With a history of medical innovation, Ireland has given the world the portable defibrillator, the modern stethoscope and the hypodermic syringe. Today however, regardless of technical brilliance, bringing a new medical technology to the market involves many challenges.
Last month, representatives of 35 Irish-owned medtech companies attended a cross-market workshop co-ordinated by Enterprise Ireland’s US, German and French offices. The aim was to explore three of the most important challenges – regulation, reimbursement and export. Despite participants coming from different sectors and geographic regions, a number of common themes emerged.

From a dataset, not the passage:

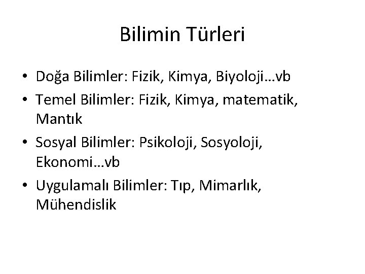 Bilimin Türleri • Doğa Bilimler: Fizik, Kimya, Biyoloji…vb • Temel Bilimler: Fizik, Kimya, matematik, Mantık • Sosyal Bilimler: Psikoloji, Sosyoloji, Ekonomi…vb • Uygulamalı Bilimler: Tıp, Mimarlık, Mühendislik

While most first-time medtech developers are largely aware of what is required to achieve regulatory authorisation, some underestimate the extent of what is involved in getting reimbursement approval from health insurers.
Worth an estimated $155bn (€136bn) annually, the US accounts for about 43pc of the global medical device market. Getting authorisation from the US Food and Drugs Administration (FDA) can be a slow process but most attendees agreed that the FDA is fair and transparent about the steps required to navigate the regulatory process.
Reimbursement by health insurers is often less straightforward. The US has a very complicated reimbursement system, with multiple coding systems for using a device, and hundreds of payers with different incentives and coverage decisions.
When targeting this market, Irish medtech companies are advised to do their homework early. With sufficient planning, a single clinical study can supply all the data required for both regulatory authorisation and reimbursement approval, saving the time and costs of multiple studies. Even small design modifications down the line could affect the regulatory classification, establishment of a predicate device or the ability to use an existing reimbursement code.
Likewise, an upfront analysis of realistic timelines and price points can provide a vital indicator of whether your product or solution is ever likely to achieve timely approval and worthwhile profit margins.
Irish companies should take advantage of pre-submission meetings with the FDA to establish a good relationship, ensure proper classification and develop well-designed submissions and studies.
Medtech developers also need to engage with other stakeholders early on. You could have an amazing new device, but if it doesn’t fit into a physician’s workflow, it won’t be used. Equally, if it doesn’t address a significant pain point for payers, it won’t be reimbursed.
Finally, it’s important to know when to ask for professional help, as getting a complex device to market is likely to require assistance from a seasoned consultant.
Another theme that emerged from the day was how priorities in the industry are constantly changing. Irish companies need to be aware of the evolving concerns of providers, payers and, increasingly, patients. US health system managers, for example, are actively looking for value-based care solutions.
Another consideration is that, the European Union’s market authorisation system is seen as easier and faster as it simply involves qualifying for the CE mark. However, there are signals that the EU may soon move closer to the FDA model and this may impact on the tendency for Irish medtech developers to target European markets before the US.
Enterprise Ireland plans to hold follow-on workshops to help medtech companies further diversify into new markets. In addition, later this year, we will be bringing 250 international medical technology companies to Ireland for MedInIreland 2017, providing the 70 participating Irish companies with opportunities to network with potential buyers and partners.
Our biennial showcase of Irish medtech innovation and expertise is on October 19.